Carburants : Depuis Athènes, Emmanuel Macron fait le point sur l’hypothèse d’une « pénurie » en France

Pas un « scénario du pire ». Le président Emmanuel Macron a assuré samedi à Athènes que la guerre au Moyen-Orient ne laissait aujourd’hui « envisager aucune pénurie » de carburant en France, mettant en garde contre les scénarios qui risquent de provoquer des « comportements de panique ».

« La situation est contrôlée »

Le patron du géant énergétique français TotalEnergies Patrick Pouyanné avait estimé vendredi que si le blocage du détroit d’Ormuz, dans le Golfe, perdurait « encore deux ou trois mois », la France entrerait « dans une ère de pénurie énergétique ». « On n’est pas dans le scénario qui est un des scénarios du pire que vous avez décrit, qui n’est aujourd’hui pas le plus probable et qu’il ne m’appartient pas de commenter », a affirmé le président français, interrogé sur cette hypothèse lors d’une conférence de presse dans le cadre de sa visite à Athènes.

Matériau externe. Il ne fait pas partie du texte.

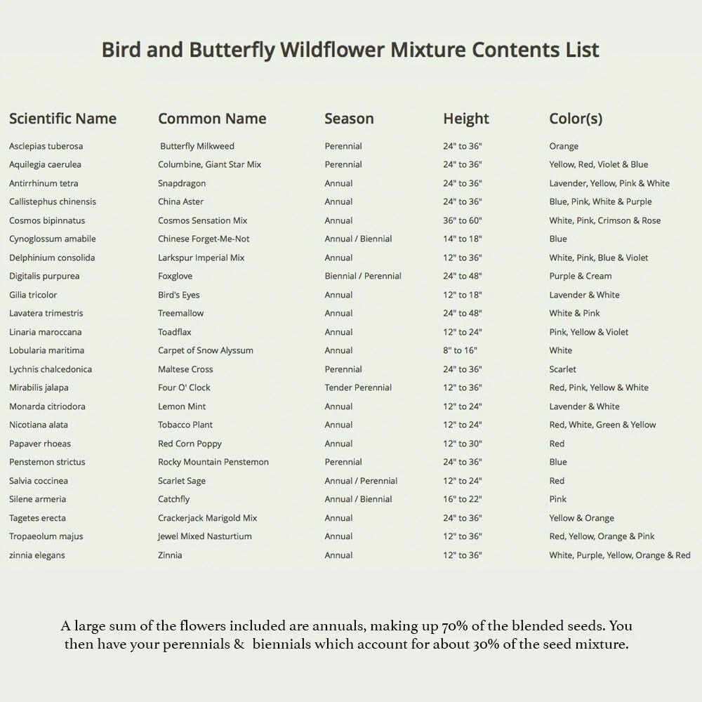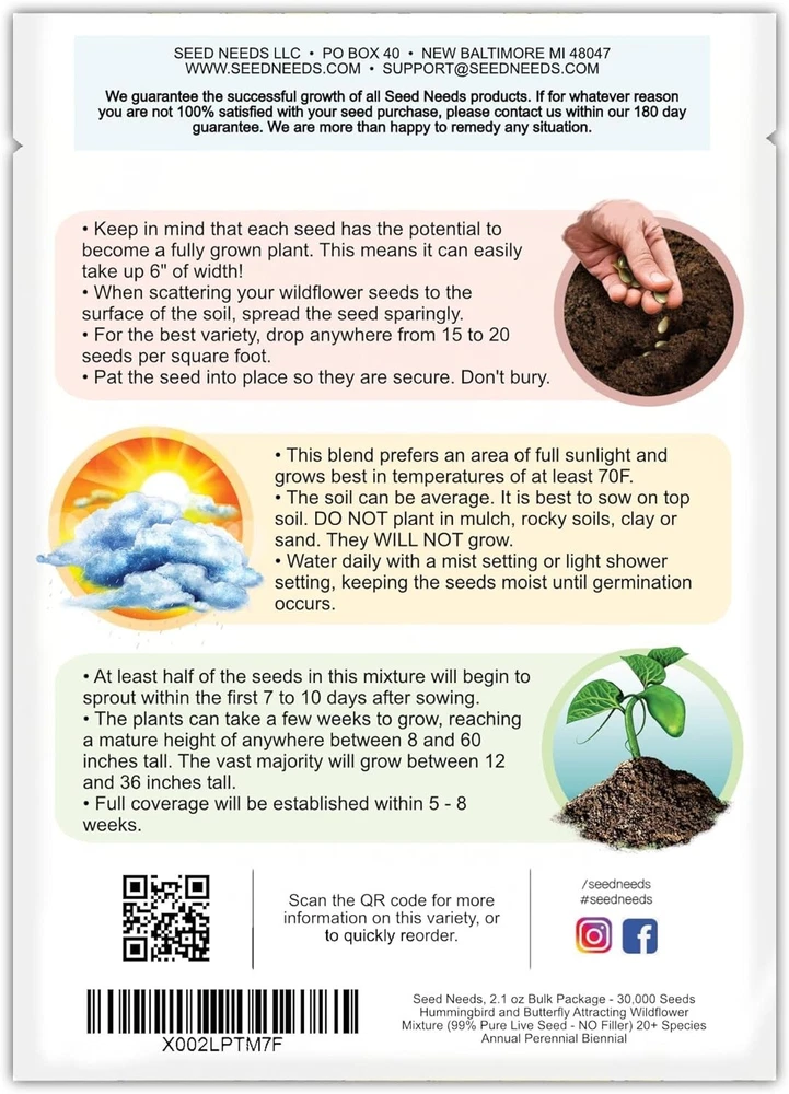 Premium 30,000+ Wildflower Seed Mix for Hummingbirds and Butterflies - 99% Pure ‹ › ‹ › ‹ › ‹ › ‹ › ‹ › ‹ › ‹ › ‹ › Premium Wildflower Seed Mix -30,000+ Seeds for Hummingbirds and Butterflies -99% Pure Flowers Features: Includes over 20 varieties of beautiful annual, perennial, and biennials 99% pure live seed with next to no inert matter Plants grow to an average height of 12 to 36 inches tall Attracts butterflies such as swallowtails and monarchs Beneficial pollinators like bumblebees, honeybees, and ladybugs Stored in a temperature controlled facility free of moisture Generous quantities for sharing or saving for the following season Artful seed packets with detailed sowing information Non-GMO, open pollinated, and heirloom seeds Fresh seeds for quick germination Tear and moisture resistant packaging for freshness Benefits: Beautiful and diverse mix of wildflowers Attracts hummingbirds, butterflies, and other pollinators Easy to grow and maintain Great for creating a vibrant and colorful garden High quality seeds for successful germination Perfect for creating a butterfly garden Environmentally friendly and non-GMO Artful packaging makes for a great gift Long-lasting freshness for optimal results Why choose our Premium Wildflower Seed Mix? Transform your garden into a paradise for hummingbirds and butterflies with our Premium Wildflower Seed Mix. With over 20 varieties of beautiful flowers, this mix is designed to attract a wide range of pollinators and create a vibrant and colorful garden. Our high-quality, non-GMO seeds are stored in optimal conditions for freshness and quick germination, ensuring a successful and stunning garden display. Don't settle for ordinary wildflower seeds - choose our Premium Wildflower Seed Mix for a truly exceptional garden experience. Order now and watch your garden come to life with beauty and biodiversity! Shipping Free & Fast Shipping - We offer free shipping to most of the USA with a normal delivery time of 3-7 days. However, due to the current situation, additional delivery time (up to 3 weeks) may be required for some items. Alternative Carriers - We may use alternative carriers (e.g. USPS, FedEx, UPS, etc.) to ensure your package arrives safely and on time. Due to the use of multiple carriers, we are unable to provide a tracking number automatically. Handling Time - Orders are processed and shipped within 1-2 business days of receiving cleared payment. Shipping Restrictions - Shipping to Alaska, Hawaii, Puerto Rico, Guam, and other US territories may incur shipping charges or delivery restrictions. Please contact us before ordering, or your order can be refunded/cancelled. State Restrictions - There may be restrictions based on your state of purchase. For example, certain items may not be shipped to California due to state regulations. Contact for Tracking Updates - If you require tracking updates or have any concerns about the delivery of your order, please feel free to contact us, and we will be happy to assist you. Return 30-Day Hassle-Free Returns - We want you to be completely satisfied with your purchase. If you are not, you can return the item within 30 days of receiving it for a full refund or exchange. Easy Return Process - To start a return, simply contact us and we will provide you with a prepaid return shipping label and detailed instructions. Restocking Fee - There are no restocking fees for returns. However, the buyer is responsible for return shipping costs if the return is not due to a seller's error. Refund Processing Time - Refunds will be processed within 5 business days of receiving the returned item in its original condition. Payment We accept all major credit cards, PayPal, and Apple Pay for your convenience. Your payment information is secure and encrypted to ensure a safe and seamless transaction. Please complete your payment within 3 days of purchase to avoid any delays in shipping. Feedback Your feedback is extremely important to us. We strive to provide the best products and customer service possible. If you are satisfied with your purchase, please take a moment to leave us a positive review. If you have any concerns or issues with your order, please contact us before leaving negative feedback. We are committed to resolving any problems and ensuring your satisfaction. Contact Us If you have any questions or concerns, please feel free to reach out to our customer support team. You can contact us through the eBay messaging system. We are available Monday to Friday, 9:00 am to 5:00 pm EST, and we will do our best to respond to your inquiry within 24 hours. Thank you for supporting our small family business!

Selon lui, « la pire des choses, dans ces moments-là où il y a des tensions, de l’incertitude géopolitique, c’est que ces tensions soient accrues par des comportements de panique ». « Et bien souvent, la pénurie, on la crée par ces comportements de panique eux-mêmes », a-t-il estimé. « Je crois pouvoir vous dire à ce stade que la situation est contrôlée », malgré l’impact sur les prix, et qu’« aujourd’hui, la situation ne nous fait envisager aucune pénurie », a encore affirmé Emmanuel Macron.

Une hausse de l’inflation

Depuis le début de la guerre au Moyen-Orient fin février, la navigation dans le détroit d’Ormuz – où transite habituellement un cinquième du pétrole et du gaz consommés dans le monde – est quasiment paralysée par l’Iran, un blocus auquel s’ajoute celui décidé par le président américain Donald Trump sur les ports iraniens.

Le conflit a également entraîné une hausse de l’inflation dans de nombreuses régions, notamment dans la zone euro où elle a été révisée en hausse en mars, à 2,6 % sur un an contre 2,5 % initialement annoncé, atteignant ainsi son plus haut niveau depuis juillet 2024.

Il s’agit d’une forte progression par rapport à février, où l’inflation ressortait à 1,9 %, les prix ayant été tirés à la hausse le mois dernier par le conflit au Moyen-Orient et l’envolée du pétrole et du gaz.